Suitable for Vegetarian Diet
1 oz, dry, yields mashed potato made with milk (from dry) is a suitable option for those following a vegetarian diet. It's a great side dish to pair with vegetarian proteins like tofu or tempeh, and it's packed with nutrients like calcium and carbohydrates. If you're looking for a vegetarian-friendly dish that's also nutritious and delicious, give this recipe a try.
Calcium Rich
1 oz, dry, yields mashed potato made with milk (from dry) is a great source of calcium. Calcium is an important nutrient for building and maintaining strong bones, and it's also necessary for muscle function and nerve transmission. Adding this recipe to your diet can help ensure that you're getting enough calcium each day.
High Carbohydrate Content
1 oz, dry, yields mashed potato made with milk (from dry) is also a good source of carbohydrates. Carbohydrates are the body's primary source of energy, and they're important for fueling both physical and mental activity. Adding this recipe to your diet can help provide the energy you need to power through your day.
Appropriate for Gluten-Free Diet
1 oz, dry, yields mashed potato made with milk (from dry) is also appropriate for a gluten-free diet. For those with celiac disease or gluten intolerance, it can be difficult to find safe and satisfying side dishes. This recipe is a great option for those following a gluten-free diet, as it's made with ingredients that are naturally free from gluten.
Nutritious and Filling
1 oz, dry, yields mashed potato made with milk (from dry) is both nutritious and filling. It's packed with important nutrients like calcium and carbohydrates, and it's also a great source of fiber. If you're looking for a healthy and satisfying side dish, give this recipe a try.
Good mashed potatoes are a labor of love. - Alton Brown
Frequently Asked Questions about 1 Oz, Dry, Yields Mashed Potato made with Milk (from Dry) 98 calories
1. How many servings does 1 oz dry yield?
One ounce of dry mashed potato will yield about 1/4 cup of mashed potatoes once prepared. This serving size contains around 98 calories.
2. Can I use water instead of milk to prepare the mashed potato?

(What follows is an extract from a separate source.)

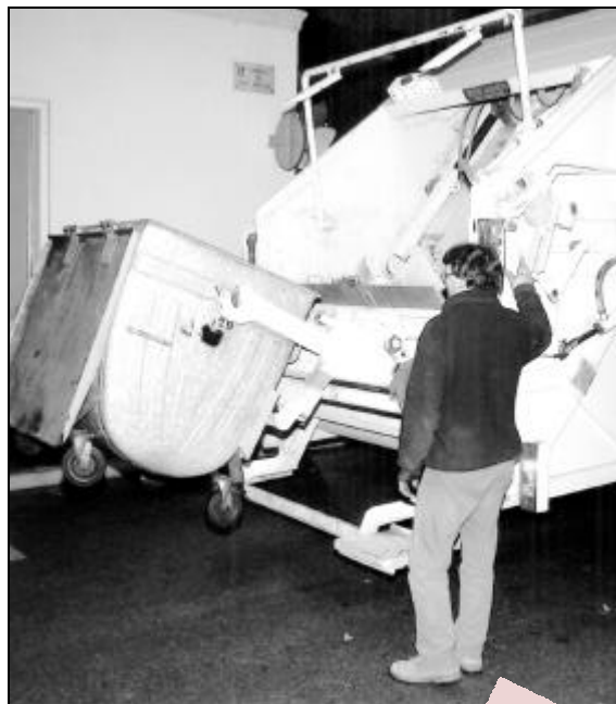
El preu de la recollida de brossa queda en 8.100 pessetes anuals

Els impostos relacionats amb la creació de nous llocs de treball i activitat econòmica no s'apugen. Un dels que afecta més persones és el relacionat amb els vehicles que, per exemple, s'apuja 170 pessetes respecte l'any anterior per a vehicles de 8 a 12 CV fiscals. Hi ha algunes taxes que tot i que pugen lleugerament encara no permeten autofinçar el servei. Aquest és el cas del cementiri, reg, residus

Yes, you can use water instead of milk to prepare the mashed potato. However, the mashed potato may not be as creamy or flavorful as it would be with milk.
3. Are there any other nutritional benefits to this dish?

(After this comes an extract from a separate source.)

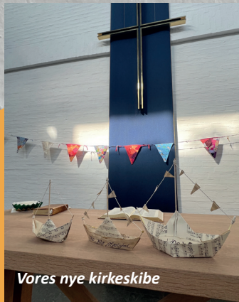
Vores nye kirkeskibe
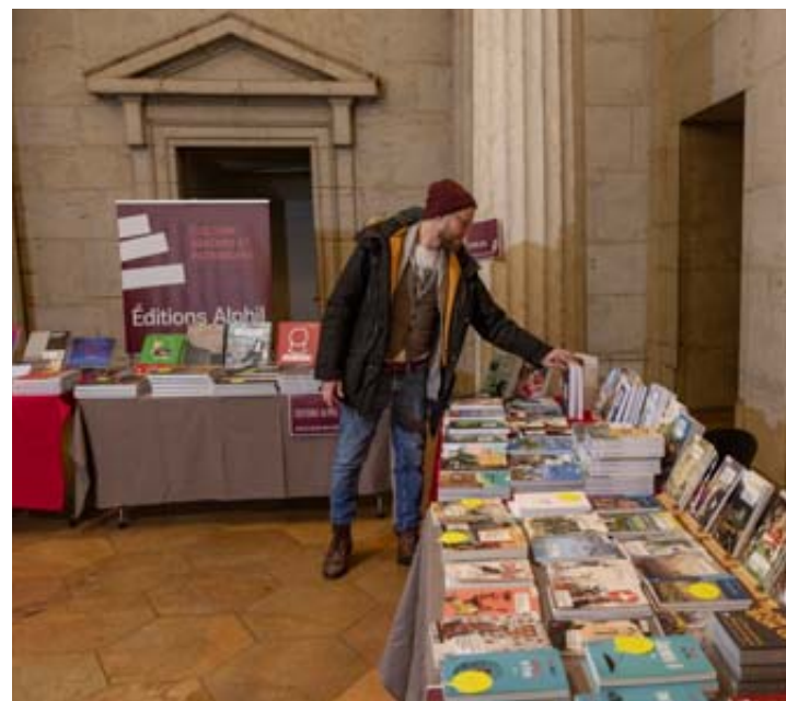
Un visiteur du Salon des éditrices et éditeurs neuchâtelois sur le stand des éditions Alphil.

Mashed potatoes made with milk can provide some calcium, potassium, and vitamin B12. However, they are often high in carbs and can be high in fat if made with butter or cream.

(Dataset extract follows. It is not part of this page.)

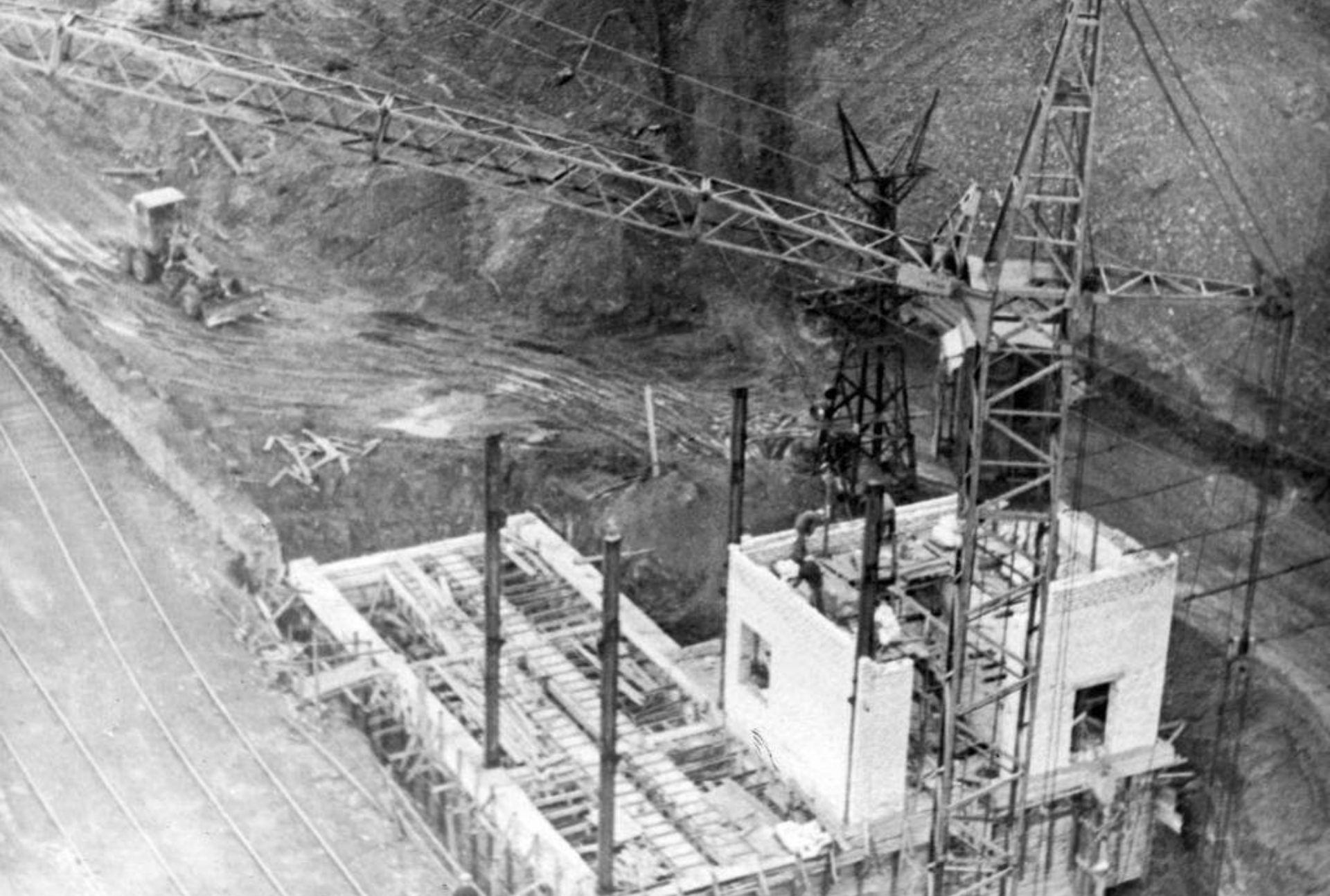
Будівництво цеху збагачувальної фабрики, с. Сердите. 1964 рік.

4. How can I make this dish healthier?
To make mashed potatoes healthier, consider using low-fat milk or a plant-based alternative instead of full-fat milk. You can also add herbs and spices for flavor instead of butter or cream. Additionally, consider adding some veggies, such as cauliflower or carrots, for a nutrient boost.
5. What are some creative ways to use leftover mashed potatoes?
You can use leftover mashed potatoes to make potato pancakes, shepherd's pie, or loaded potato skins. You can also add them to soups or stews for a creamy texture. Leftover mashed potatoes can also be frozen and used as a side dish later on.